Сонет с неправильной рифмовкой - стр. 3
Обычно взрослому человеку любой новый навык достается слишком тяжело, для того чтобы простодушно ему радоваться: трудно вообразить особу, которая, закончив бухгалтерские курсы, будет для собственного удовольствия перемножать числа в уме, бескорыстно наслаждаясь приобретенными возможностями. Рудковский, на которого непрошенный дар буквально свалился с неба, убедившись в его неотменимости, как бы недоумевал, что с ним делать (как, может быть, первобытная рыба, выбравшись на берег, изумленно таращилась на появившуюся у нее пару рудиментарных лапок), но позже попытался аккуратно осознать границы своих телепатических возможностей. Особенно трудно было, как выяснилось, сопоставить голос и его владельца: наблюдения за сослуживцами, сидевшими, как водится в современной Москве, в отдельных стеклянных загончиках бывшего цеха, показали, что внутренний и внешний голоса одной личности не имеют между собой ничего общего: дизайнер по фамилии Пронин, угрюмый, быстро краснеющий крепыш, бугрящийся мускулами, в жизни говорил отрывистым баритоном, тогда как мысли его транслировались сбивчивым, запинающимся тенорком. Напротив, тощая интриганка Думинская, болезненно ревновавшая своего мужа, служившего в петербургском филиале той же корпорации, и науськивавшая шпионить за ним каждого из коллег, отправлявшихся туда в командировку, в мыслях обладала мягким и каким-то даже развратным мужским басом, цедящим про себя обидчивые обрывки.
Несколько недель спустя Рудковский уже совершенно свыкся с новым умением, перестав замечать вечный гул голосов в своей голове. В основном справился он и с тем, чтобы мысленно расплетать многоголосицу на реплики отдельных солистов: так, оказавшись в кафе с двумя десятками посетителей и двумя затормошенными официантками, он уже через несколько минут примерно понимал, кому какой голос соответствует: может быть, какой-нибудь из воркующих парочек он и присваивал случайно слова их соседей, но в основном сделанное им предварительное распределение подтверждалось – и он с мрачным удовлетворением отмечал, как лощеный господин, только что тревожно прикидывавший, сколько денег осталось у него на карте, вальяжным жестом требует счет.

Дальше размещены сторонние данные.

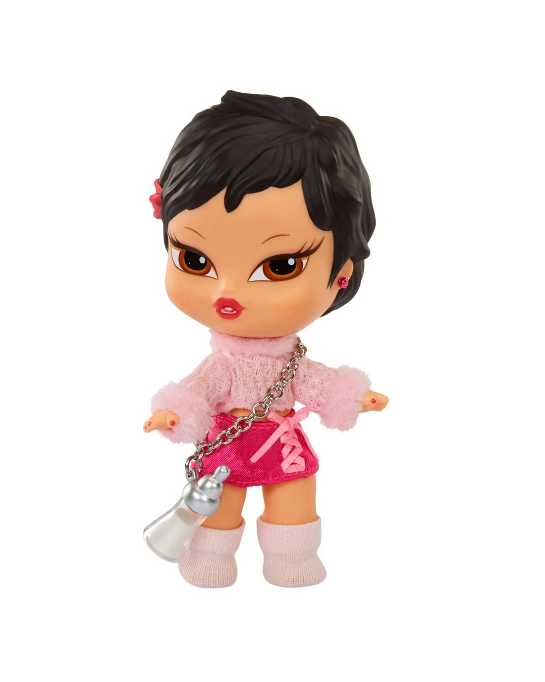 Before they were Bratz, they were Bratz Babyz! Step back in time with the Bratz and see how it all began, as they hit the runway with baby bratitude style. Our tiniest trendsetters bring big personalities to the catwalk, each girl showcasing a look that expresses their passion for fashion. They're taking the world of style by storm one adorable step at a time! Little Jade is wearing a fuzzy pink sweater, a silk-like skirt, and pink socks. Her hair is short and black with a butterfly clip. Each Bratz Babyz doll has a uniquely sculpted hairstyle and 5 points of articulation to strike tons of poses on stage! Each doll also comes with a baby bottle necklace that doubles as a keychain for you! Additionally, they each have an adorable, fuzzy telephone that matches their outfit. Jade's crazy cool fashion proves that big style can come in small packages! Collect all 6 Bratz Babyz Runwayz collectible fashion dolls—Cloe, Yasmin, Jade, Sasha, Dana, and Felicia! They're SO CUTE! Ages 6 +

Случалось ему и поразмыслить, каким бы образом можно было, приручив свою способность, поставить ее на практические рельсы. Выходило, что лучше всего было бы применить ее в карточной игре: он уже знал, что человек, читающий расписание или – особенно – подписи в музее, непременно повторяет их про себя. Последнее открытие представляло собой результат проделанного эксперимента: Рудковский хотел, оставшись в достаточно большом помещении наедине с кем-нибудь незнакомым, проверить, насколько уединение помогает чтению мыслей. Сперва он собирался подкрасться за городом к какой-нибудь отдельно стоящей избе, но этот план наткнулся на целую череду затруднений: он был городским жителем и даже не вполне понимал, каким образом ему добраться до настоящей деревни, а потом небезосновательно полагал, что, попавшись местным за этим подкрадыванием, может быть принят за злоумышленника: конечно, объяснить истинное положение вещей он не отважился бы ни пейзанам, ни полиции. Поэтому он решил пойти в будний день с утра в какой-нибудь музей не из самых популярных, предполагая, что там удастся отыскать нужную декорацию для предстоящего опыта.